A floresta amazônica exerce papel vital na manutenção de serviços ecológicos. Nela se encontra mais da metade da biodiversidade da Terra, além de um terço das florestas tropicais do planeta. Os bosques amazônicos contribuem ativamente para manter o equilíbrio climático com o processo de evaporação e transpiração das árvores e funcionam como grandes depósitos de carbono. Todavia, o desmatamento e seus inúmeros fatores têm ocupado há algum tempo a agenda ambiental brasileira.
O Instituto Nacional de Pesquisas Espaciais (INPE) monitora a floresta amazônica brasileira desde 1988, gerando dados oficiais que auxiliam na criação de políticas públicas para o combate ao desmatamento. Em adição, desde 2008, em parceria com a Empresa Brasileira de Pesquisa Agropecuária (Embrapa), o Instituto produz um mapeamento do uso e cobertura da terra que qualifica as áreas desflorestadas. No entanto, devido à função desses sistemas e às limitações dos instrumentos utilizados, categorias como as que representam as atividades do produtor rural de pequena escala e a produção extrativista não são contempladas.
Como componente do Projeto Monitoramento Ambiental por Satélites no Bioma Amazônia (MSA), financiado pelo Fundo Amazônia e executado pelo INPE em parceria com o Banco Nacional de Desenvolvimento Econômico e Social (BNDES), desenvolveu-se uma pesquisa que buscou oferecer um olhar mais atento e completo para a paisagem, considerando os que vivem e convivem com a região. Trata-se do “Estudo das trajetórias de padrões e processos na caracterização de dinâmicas do desmatamento na Amazônia”.
Segundo a pesquisadora Maria Isabel Escada, da Divisão de Processamento de Imagens do INPE (DPI) e coordenadora deste trabalho, “oferecer visibilidade para essas formas de produção significa dar a possibilidade de oferecer políticas públicas às pessoas envolvidas nelas, inserindo-as nos arranjos produtivos locais. As formas de produzir de grande parte dessas populações levam a um menor desmatamento e, ainda assim, produzem alimentos que abastecem as cidades e os núcleos populacionais, fazendo circular a economia, ainda que muitas vezes de maneira informal”.
A proposta da pesquisa é o diferencial frente aos trabalhos desenvolvidos nesse âmbito, uma vez que foram associadas temáticas que geralmente são trabalhadas em separado. “Não se quis analisar somente a paisagem e as mudanças de uso e cobertura da terra em si, mas se buscou os contextos urbanos dessa paisagem, os processos econômicos, humanos e sociais intrinsecamente relacionados às transformações geradas pelas trajetórias de uso e cobertura da terra em diferentes escalas”, destaca Maria Isabel Escada.

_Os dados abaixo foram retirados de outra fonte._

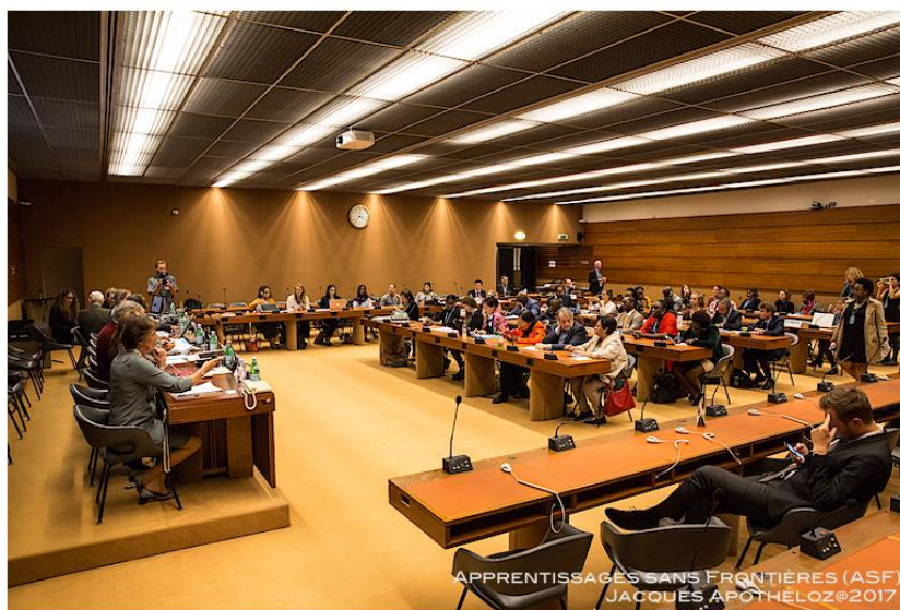
septembre 2017.

Side event lors du Conseil des Droits de l'Homme, septembre 2017.
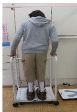
手すり付き体重計
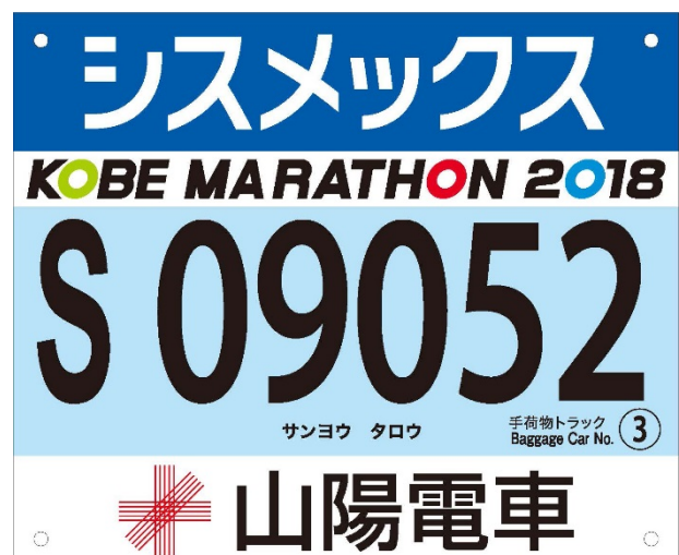
「山陽電車」のロゴ入りナンバーカード
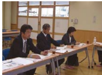
宇都宮にて障がい児福祉政策を学ぶ
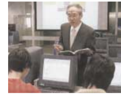
優秀なプロデューサーになるための第一歩として複式簿記システムの仕組みを学ぶ、コンテンツ簿記総論授業風景
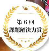
フードバンク山梨 (山梨県南アルプス市)

両親または片親をエイズで亡くした18歳未満の子ども＝エイズ孤児問題の解決に向けて、ケニアとウガンダで活動。エイズ孤児が自らの未来を前向きに切り拓ける社会の実現を目指している。
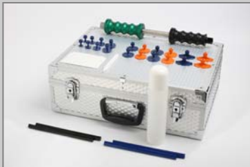
TW6060 TwenTec Dent Hammer Basis-Satz
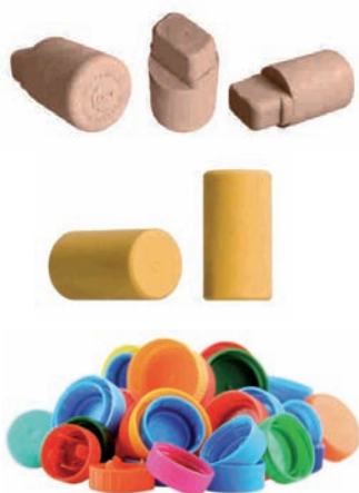
Plastikozko tapoi eta kortxoak Taponos y corchos de plástico
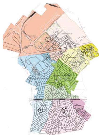
PERIMETRE DES CONSEILS DE QUARTIER
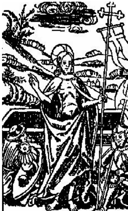
« Nous savons que le Christ est véritablement ressuscité d'entre les morts. Vous ô Roi victorieux, ayez pitié de nous. » Séquence de la messe de Pâques.

à attendre le salut, mais ce salut vient encore de lui : si " je lève les yeux vers les montagnes, d'où me doit venir le secours ", je ne l'attends pourtant pas des montagnes elles-mêmes, car " mon secours vient du Seigneur qui a fait le ciel et la terre ". Dans les détresses matérielles, Dieu peut me venir en aide par les hommes, mais ton salut, ô mon âme, ce n'est que lui.
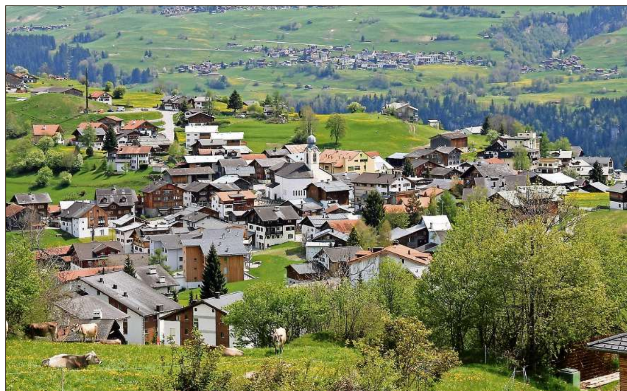
La vischnaunca nova duei purtar il num da Breil. Nossa foto muossa il vitg da Breil.
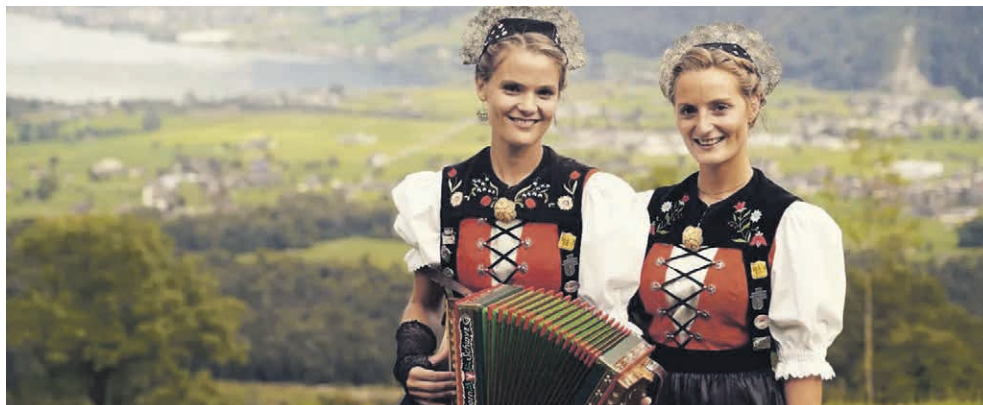
Parmi les 13 concerts à l'affiche, les sœurs Monney feront souffler un vent frais sur le yodel. ANJA KISER

→ Corcelles, salle des spectacles Dimanche 28 avril à 17h Entrée libre, collecte www.echoduvignoble.ch
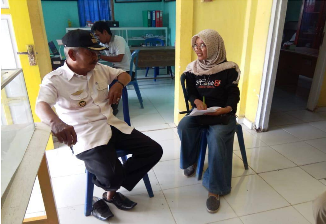
Foto kegiatan wawancara bersama Kepala Desa Arasoe, yang bertempat di Kantor Desa.
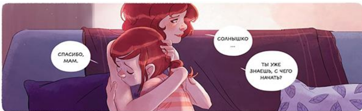
Иллюстрация из комикса «Дневники Вишенки. Том 4. Богиня без лица» .

Пять вопросов выше могут быть только началом. Началом большого разговора — мостика доверия между взрослым и ребенком. Как я люблю, когда размышления о чтении выходят за пределы освоения конкретной книги, а становятся частью отношений в семье! Я думаю, что разговор о комиксах способен укрепить и углубить эти отношения.
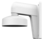
DS-1272ZJ-110 Настенный кронштейн
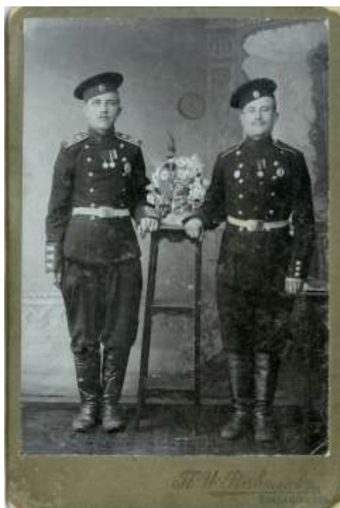
Zdjęcie 8 – Rok 1915 (około). Polacy (z Grabowca) w armii carskiej.

De acordo com o pesquisador Antônio Miguel Monteiro, da DPI/INPE, “a intensidade dos processos de ocupação regional nas últimas décadas na Amazônia produziu um conjunto de assentamentos humanos que vão muito além das cidades, como as vilas, distritos e várias outras formas de organização de núcleos populacionais, que representam nós e que configuram a trama urbana na Amazônia contemporânea. Assim, para enfrentar os imensos desafios de uma floresta urbanizada não é possível pensar em políticas para essa floresta que não reconheçam e envolvam sua dimensão urbana e a forma na qual esse urbano se expressa na paisagem”.
O Pará foi o grande centro desse trabalho minucioso, palco da maioria das idas a campo. O Estado, além de ter uma relação intensa com as dinâmicas do desmatamento, tem formas de produção bem marcantes, como o avanço da soja numa região onde sempre predominou a agricultura familiar. Foram abarcadas aproximadamente 200 comunidades da Amazônia, especificamente em áreas próximas aos municípios de Santarém e Itaituba, no Pará, por onde corre o Rio Tapajós e por onde passam as rodovias BR-230 – a Transamazônica e BR-163, esta última, enfatizando o trecho entre os municípios de Sinop, no norte do Mato Grosso e Novo Progresso, no sul do Pará, área conhecida pelo grande desmatamento em função da atual expansão da fronteira agrícola.
“Nos trabalhos de campo, realizados nas regiões ribeirinhas e de terra firme, observamos diferentes formas e dinâmicas de desmatamento vinculadas aos diferentes sistemas produtivos existentes na Amazônia. Além da pecuária extensiva e do cultivo de grãos, que são atividades que demandam grandes quantidades de terra e de áreas de floresta, observamos a presença de formas de produção baseadas em sistemas agroflorestais, como a produção do cacau, que demanda uma pequena quantidade de terra e utiliza espécies arbóreas nativas para o sombreamento dessa cultura”, diz Maria Isabel Escada.
Para observar o processo de conversão da cobertura florestal em conjunto com o arranjo espacial da população as equipes entrevistaram populações tradicionais, produtores rurais, representantes das comunidades e das instituições locais para coletar informações que subsidiaram análises posteriores. “Nesta pesquisa não bastava analisar apenas imagem de satélite, era imprescindível o contato humano para verificar a correspondência dos padrões encontrados nas imagens com a realidade”, ressalta a Maria Isabel Escada.
Entre os resultados desse trabalho, têm-se o desenvolvimento de ferramentas para análise de imagens e dos dados provenientes delas – um sistema de mineração de dados para mapear a paisagem em consonância com os padrões que estão associados a alguma atividade econômica ou processo produtivo e um sistema para mapear e processar imagens de radar. Com o TerraRadar a equipe desenvolve classificadores e realiza testes com os pontos de controle e dados coletados em campo. E com o TerraHidro foi possível trabalhar com delimitação automática de bacias, a extração de drenagens e definição de áreas para uma melhor caracterização do uso da terra nas bacias presentes na área de estudo.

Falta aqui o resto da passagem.